А с Максом мы однажды едва вдрызг не разругались. Он объявил мне, что «оприходовал» Малю. Он так и сказал: «Я ее оприходовал». Вот тогда у меня случилась вторая вспышка – после случая с Панченко. Нет, я не бросился на Макса. Я просто всячески его обозвал. Странно, но он не обозлился в ответ. Даже признался, что соврал, и мы продолжали дружить. Как мы могли совсем разругаться, если у нас появилась общая цель, связанная с большим кушем? Никак.
Захотелось кофе. Но кухня была занята. Оттуда доносились веселые голоса, громкий смех и пение под гитару. Ясно, приехал по своим делам Витя.
Я знал, что как только уеду, мой кабинет перестанет быть моим. Надо было разобрать на части ружье. Вдруг Денису захочется сделать обрез. Уже интересовался, какой длины должен быть ствол.
В этот момент в комнату вошел Виктор.
– На охоту собрался?
Какая к черту охота, когда на дворе июль?

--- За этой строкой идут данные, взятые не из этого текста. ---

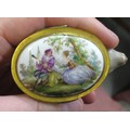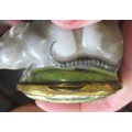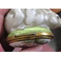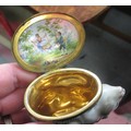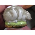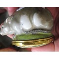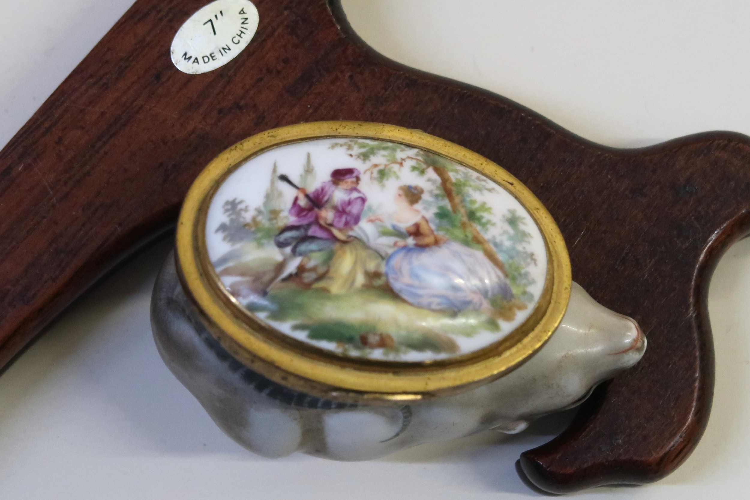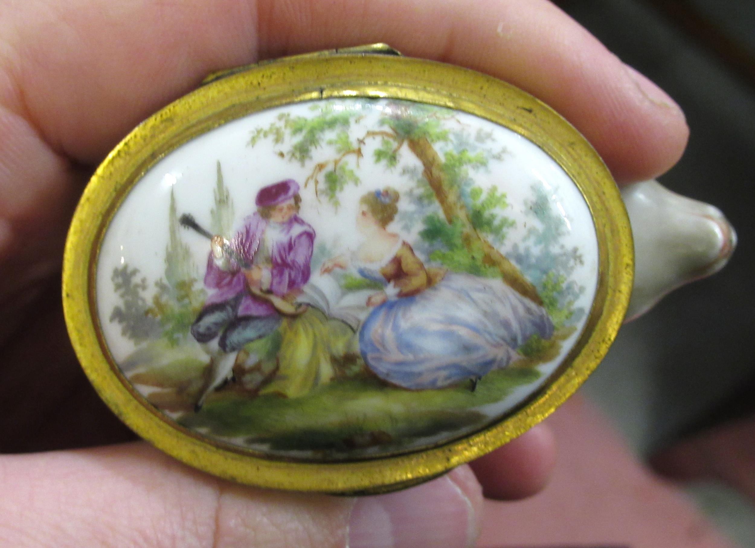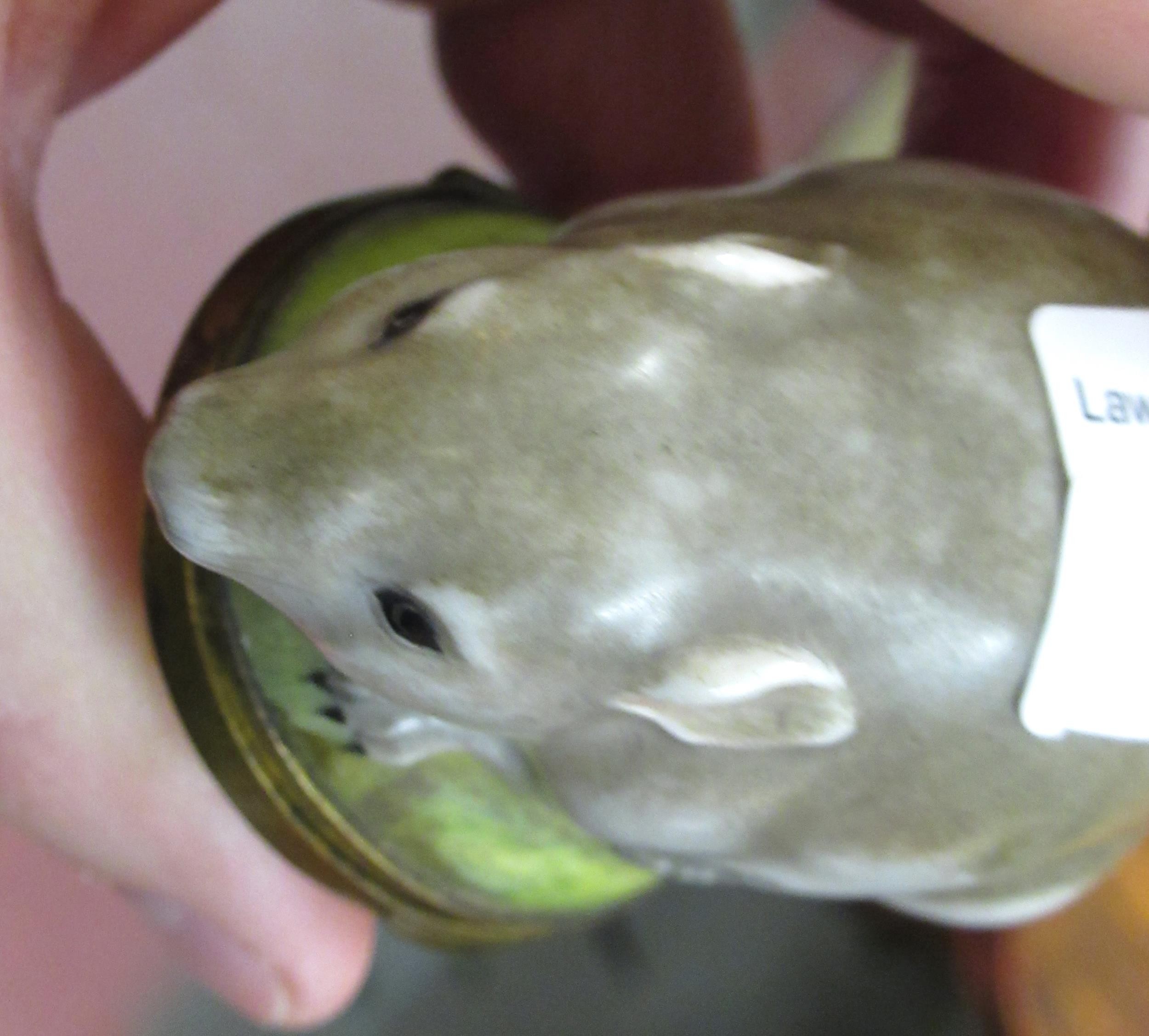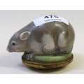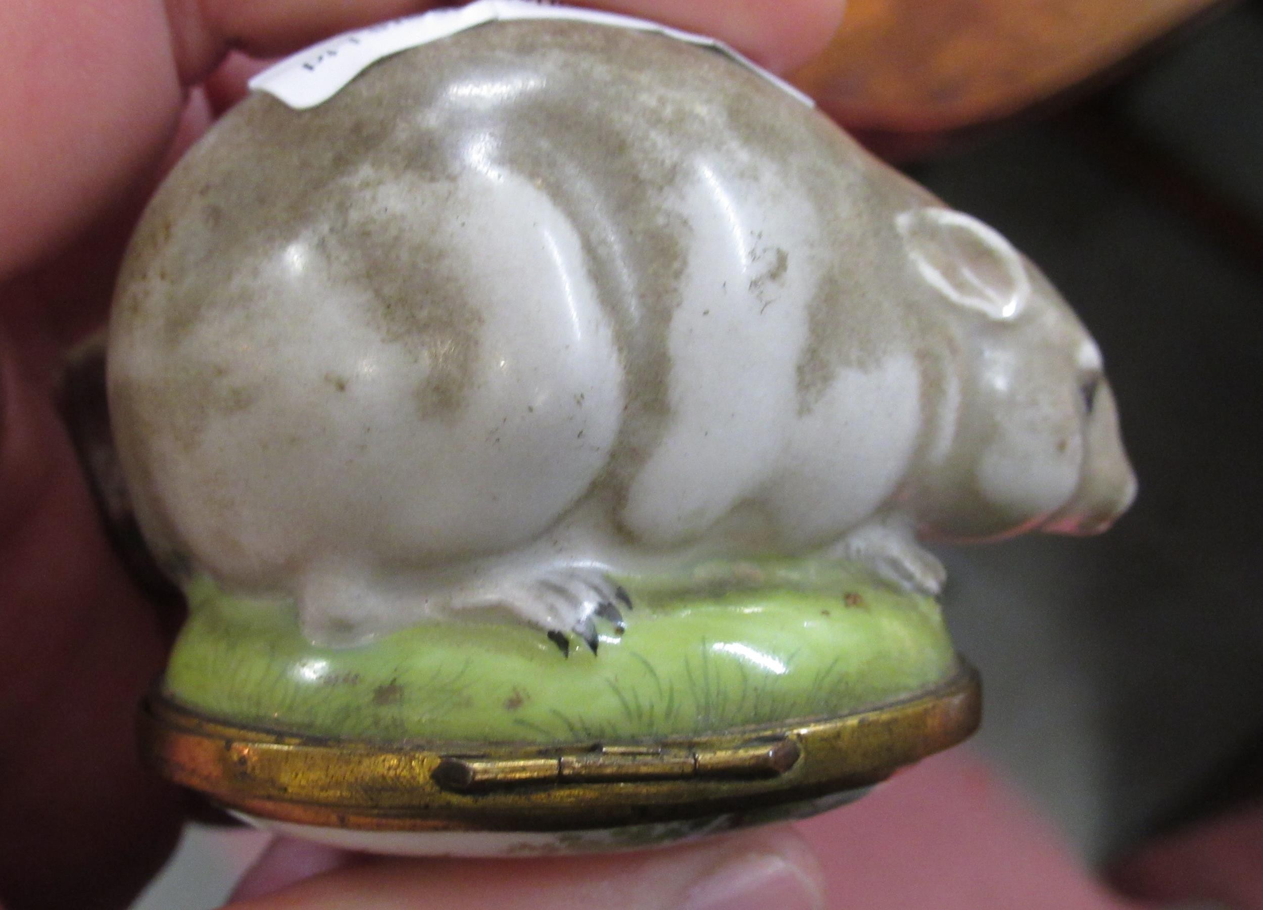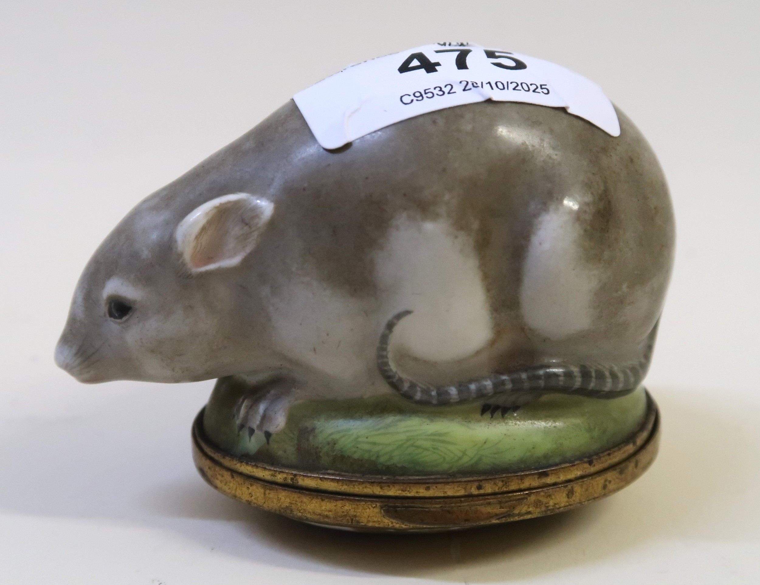 19th Century Continental porcelain and enamel snuff or sweetmeat box in the form of a mouse or rat, the hinged cover painted internally and externally with figures in garden scenes, 7.5cm wide

– Хорошее ружье, – оценил Виктор.
Наверное, эта штука (я про диагноз) превращает человека в тряпку. По слабости душевной я поделился с братом своей новостью. Мне надо было кому-то сказать, минутная потребность организма.
Виктор никак не отреагировал, только повторил:
– Хорошее ружье.
Что ты заладил, хотел я сказать.
Виктор помялся и спросил:
– Оставишь мне?
Я смотрел на него с удивлением. Какая непосредственность. Другие хотя бы для приличия выражают сочувствие, интересуются, чем могли бы помочь, а Витя сразу – к делу.
– Может, тебе прямо сейчас и отдать? – с некоторым сарказмом спросил я.
– Можно и сейчас, – с вызовом сказал Витя.
Ну правильно, чего тянуть?
– А не сходил бы ты на кухню, Витя, тебя там заждались.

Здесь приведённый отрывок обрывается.